Linear and nonlinear models

In least square curve fitting, there is a step where we take derivatives to find the parameter estimates. If those equations are too complicated then we will have a hard time solving them. It is straightforward to solve these equations for so called linear models. Linear models are of the form

    \begin{align*} f(x_i; \mathbf{a})&= a_1 X_1(x_i) + a_2 X_2(x_i) + \ldots + a_M X_M(x_i) \end{align*}

One example of a linear model with M parameters is a polynomial.

    \begin{align*} f(x_i;\mathbf{a}) &= a_1 + a_2x_i + \ldots + a_{M}x_i^{M-1} \end{align*}

Other linear models might have the x_i replaced with general functions X_j(x_i). This gives a lot of different possible functions, but some are unnatural and do not occur in usual data sets.

    \begin{align*} f(x_i;\mathbf{a}) &= a_1 \sin(x_i) + a_2 e^{x_i} + \ldots + a_{M}\ln(x_i) \end{align*}

Linear means the parameter is to the first power out in front. The following model is not linear.
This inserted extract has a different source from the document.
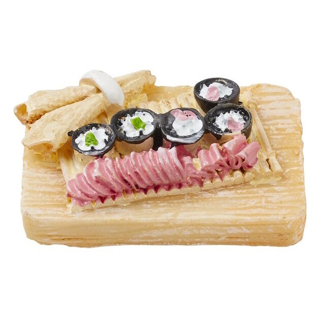 Miniatyyri sushitarjotin, koko noin 4 x 3 cm.

    \begin{align*} f(x_i;\mathbf{a}) &= a_1 \sin(a_2 x_i) + a_3 e^{a_4 x_i} \end{align*}

For models of the nonlinear form, the optimization problem is usually quite difficult to solve. We will consider what to do with nonlinear models later.

To perform a curve fit on a model with M parameters you need at least M different points. A good practice is to have many more measured points than parameters. When models are bloated with a lot of parameters you can usually fit a wide variety of functions. Keep it as simple as possible but not simpler. Use only as few parameters are necessary.

The generalized least squares problem

Now with our linear model of M parameters we would like to derive the best parameter estimates and their uncertainties in the least squares weighted framework. The model is.

    \[f(x_i;a_1,a_2,...,a_M) = f(x_i; \mathbf{a}) = \sum_{k=1}^M a_k X_k(x_i)\]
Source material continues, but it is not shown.